The subject is very complex and studied, in:

http://www.google.fr/url?sa=t&rct=j&q=& ... D2T7jMdGMQ

.
In all countries, avoid the use of treated wood and driftwood impregnated with salt, as well as the use of plastics to light fires or as fuel.

, driftwood impregnated with salt, and the treated woods are important sources of PCDD / PCDF) as well as the efficiency of combustion

Green or wet woods, as well as those loaded with salt, should be totally avoided. The reason is that green and / or wet wood burns less efficiently and can lead to higher emissions of PCDD / PCDF.

Soot from wood stove burning wood impregnated with salt in a coastal region contained PCDD concentrations 20 to 90 times higher than samples from stoves in areas further down the coast. The concentration of PCDD in the fly ash increased in proportion to the concentration of chlorine (from seawater).

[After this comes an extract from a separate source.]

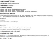 Students appreciate that many jobs are affected by the weather. In this weather and jobs worksheet students complete a worksheet explaining how various workers make changes in their routines due to weather.

http://fr.advantacell.com/wiki/Feu_de_for%C3%AAt
http://fr.wikipedia.org/wiki/Feu_de_for%C3%AAt
It has been suspected [6] that near the seas (or after seawater is dropped by water bombers), the chlorine from the salt contributes to producing toxic organochlorines such as dioxins and furans. INERIS analyzed in 2003 the smoke from a few fires corresponding to a brushed area of ​​4 m², in an 80 m³ combustion chamber surmounted by a smoke extraction hood: the emissions of dioxins and furans averaged 10,5 ng I.TEQ / kg of biomass burned (from 1,0 to 25,9). In this experiment, it was not the combustion of plants collected near the sea, but that of those which were wettest which produced the most pollutants (CO, NOx and TVOC) and organochlorines. On the other hand, very dry plants if they emitted much less CO and TVOC when burned, produced much more NOx.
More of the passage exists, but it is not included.